## Problem to solve
Among the records that follow, set down only the lines from the one containing "queue = auth.user.queue" to the one containing "Bewild Mens Papa", both included, exactly.

## Given records
──────

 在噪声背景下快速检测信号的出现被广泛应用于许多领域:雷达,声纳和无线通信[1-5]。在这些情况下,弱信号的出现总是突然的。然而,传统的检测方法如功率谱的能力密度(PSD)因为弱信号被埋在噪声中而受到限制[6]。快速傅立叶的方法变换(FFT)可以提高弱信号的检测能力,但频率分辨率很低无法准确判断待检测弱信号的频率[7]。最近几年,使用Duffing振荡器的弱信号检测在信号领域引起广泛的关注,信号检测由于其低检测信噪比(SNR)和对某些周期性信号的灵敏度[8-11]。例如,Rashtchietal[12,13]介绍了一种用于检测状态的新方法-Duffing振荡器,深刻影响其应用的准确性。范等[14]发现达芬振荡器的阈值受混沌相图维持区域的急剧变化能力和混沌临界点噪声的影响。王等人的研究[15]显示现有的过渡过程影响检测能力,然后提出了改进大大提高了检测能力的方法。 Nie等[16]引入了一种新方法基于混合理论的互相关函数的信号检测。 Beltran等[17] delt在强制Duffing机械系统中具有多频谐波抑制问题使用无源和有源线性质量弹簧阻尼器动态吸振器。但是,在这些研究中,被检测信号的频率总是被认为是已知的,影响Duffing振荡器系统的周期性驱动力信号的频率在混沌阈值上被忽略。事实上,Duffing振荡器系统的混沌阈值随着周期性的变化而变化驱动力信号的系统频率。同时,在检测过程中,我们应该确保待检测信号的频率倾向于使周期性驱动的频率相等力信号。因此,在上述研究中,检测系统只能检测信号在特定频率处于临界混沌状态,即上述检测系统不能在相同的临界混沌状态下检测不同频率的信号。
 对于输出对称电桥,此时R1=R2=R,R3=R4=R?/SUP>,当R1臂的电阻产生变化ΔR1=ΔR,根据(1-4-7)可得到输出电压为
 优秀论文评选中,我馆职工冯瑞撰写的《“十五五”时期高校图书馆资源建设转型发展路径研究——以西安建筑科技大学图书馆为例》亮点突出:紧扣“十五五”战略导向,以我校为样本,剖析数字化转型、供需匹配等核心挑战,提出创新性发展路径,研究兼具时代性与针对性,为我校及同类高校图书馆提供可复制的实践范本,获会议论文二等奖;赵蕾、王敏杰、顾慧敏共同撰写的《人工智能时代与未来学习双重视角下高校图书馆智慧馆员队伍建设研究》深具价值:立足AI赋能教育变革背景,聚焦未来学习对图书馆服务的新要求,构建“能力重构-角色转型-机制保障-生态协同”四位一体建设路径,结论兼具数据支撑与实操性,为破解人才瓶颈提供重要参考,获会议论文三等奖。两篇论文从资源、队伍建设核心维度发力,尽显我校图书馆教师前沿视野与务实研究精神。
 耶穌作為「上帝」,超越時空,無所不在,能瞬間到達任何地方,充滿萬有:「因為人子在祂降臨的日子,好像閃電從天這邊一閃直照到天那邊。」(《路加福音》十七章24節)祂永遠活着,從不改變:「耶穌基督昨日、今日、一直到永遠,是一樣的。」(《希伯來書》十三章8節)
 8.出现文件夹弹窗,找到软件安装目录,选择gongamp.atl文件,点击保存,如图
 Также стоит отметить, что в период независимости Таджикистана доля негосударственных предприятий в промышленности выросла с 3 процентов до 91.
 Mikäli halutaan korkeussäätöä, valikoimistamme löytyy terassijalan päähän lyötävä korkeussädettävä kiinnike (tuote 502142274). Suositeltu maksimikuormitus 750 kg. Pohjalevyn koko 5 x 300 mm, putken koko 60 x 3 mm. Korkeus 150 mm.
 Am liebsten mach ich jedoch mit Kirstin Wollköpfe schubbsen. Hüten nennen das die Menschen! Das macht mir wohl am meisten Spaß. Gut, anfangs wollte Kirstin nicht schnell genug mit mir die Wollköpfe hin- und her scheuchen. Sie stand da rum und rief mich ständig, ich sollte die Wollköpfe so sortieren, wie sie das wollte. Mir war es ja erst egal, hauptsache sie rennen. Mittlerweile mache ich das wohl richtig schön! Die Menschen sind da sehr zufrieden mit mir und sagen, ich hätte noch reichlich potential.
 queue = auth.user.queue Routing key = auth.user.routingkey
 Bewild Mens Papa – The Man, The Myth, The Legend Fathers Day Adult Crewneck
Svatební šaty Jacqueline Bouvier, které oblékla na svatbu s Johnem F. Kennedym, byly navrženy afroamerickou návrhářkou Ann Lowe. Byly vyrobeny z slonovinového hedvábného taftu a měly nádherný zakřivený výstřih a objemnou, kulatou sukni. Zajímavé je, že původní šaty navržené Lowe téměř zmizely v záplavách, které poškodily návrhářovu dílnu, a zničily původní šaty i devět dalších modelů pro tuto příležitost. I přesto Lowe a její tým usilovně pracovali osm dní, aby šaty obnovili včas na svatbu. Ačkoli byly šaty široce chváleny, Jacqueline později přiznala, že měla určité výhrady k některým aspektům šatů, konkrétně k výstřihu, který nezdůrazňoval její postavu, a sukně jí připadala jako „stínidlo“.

──────

## Answer area
 queue = auth.user.queue Routing key = auth.user.routingkey
 Bewild Mens Papa – The Man, The Myth, The Legend Fathers Day Adult Crewneck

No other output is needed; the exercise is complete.